It was 10am and the newly promoted lieutenant was already sweating under his plastic face shield and black flak jacket.
A few days before, the 28-year-old, who goes by the name of Catire, had watched a national guardsman get his arm broken at a protest.
A week earlier, a friend collapsed several paces from him on the riot line, shot through the groin.
Catire pulled up his visor and chain-smoked by his motorcycle, hoping the day would pass quickly.
Several kilometers away on the other side of the city, tens of thousands of Venezuelans in white shirts and homemade gas masks gathered to march toward Catire and his unit, part of a bloody protest movement that has seen dozens of deaths in more than two months of turmoil.
Catire’s family suffers along with protesters who skip meals while watching their money become worthless. The lieutenant is unsure whether to blame the government or the opposition for the crisis. What he and other soldiers decide in the coming months could decide the country’s fate.
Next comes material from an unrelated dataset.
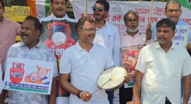 कांग्रेस का हल्ला बोल: रसोई गैस की बढ़ती कीमतों के खिलाफ अनोखा विरोध प्रदर्शन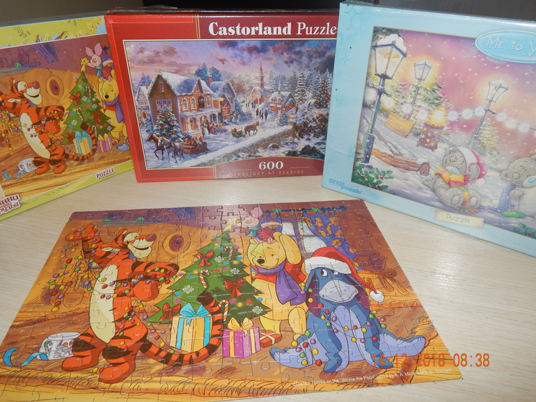 А я поболтать не успеваю совсем. Пазлы - это, к сожалению, не наше все))) Давичи прикупила, старшему до Нового года поручила собрать, не успевает. Младшему будут подарены на НГ. Посмотрим, может и проявит интерес. Большие пазлы, сложные в сборке, сложно разобрать. Лежат они собранные годами, и разобрать жалко и пристроить некуда. Я собиралась в общем коридоре повесить, но соседка "дорвалась" до ФиксПрайса, теперь в коридоре бабочки, картинки и наклейки, аж глаз дергается, пазлам места нет.

Venezuelan President Nicolas Maduro has greatly expanded the military’s authority and is leaning on the armed forces as his own grip on power weakens.
The military has helped hold up the socialist administration for more than a decade, but never before was it the government’s main crutch, and despite the outward loyalty of top officers, cracks are beginning to appear.
In April, three lieutenants publicly rejected the Venezuelan president as commander-in-chief and sought asylum in Colombia.
Another lieutenant in a restive western state cut up his official military ID card as supporters cheered.
“Soldiers must not turn their arms on the people,” he said.
Days later, he was in military prison.
“The country is unhappy with the situation right now and the armed forces are no exception. The military has traditionally been on the right side of history here. If they turn, it’s all over for Maduro,” said Cliver Alcala, a retired Venezuelan general who participated in an unsuccessful 1992 coup attempt led by a then-unknown junior officer named Hugo Chavez.
These days, Alcala is a vocal opponent of the socialist government installed by Chavez after he won election to the Venezuelan presidency in 1998.
Despite counterintelligence and close surveillance in the barracks, Maduro is unlikely to know an uprising is brewing until it is already upon him, Alcala said.
Any actual coup would cause an international crisis across a hemisphere profoundly scarred by the bloody military takeovers that marked much of the past century.
However, most opposition figures are hoping for much more passive support: for soldiers to hold back from attacks on protesters.
More than a dozen military officers were arrested during the first two weeks of the protests and thrown into a military prison on suspicion of rebellion, according to military documents provided to reporters by a third party.
The government has pampered the armed forces as much as an economy in shambles will allow.
Before Catire put on his green fatigues, knee-high boots and black body armor, he sat down to a breakfast of two corn cakes, beans, eggs and coffee with milk — more than many Venezuelans eat in a day.
By noon, he and other soldiers were turning back the crowd with tear gas and water cannons.
Toward the day’s end, a group of women approached Catire’s post and shouted: “Lay down your arms and join us.”
Some stripped naked and threw their clothes over the 3.6m barricade the soldiers had set up.
However, the young men stayed immobile and silent.
“Take down this wall,” the women said.
After a few more hours, both sides went home to cool down and prepare to repeat the whole process the next morning.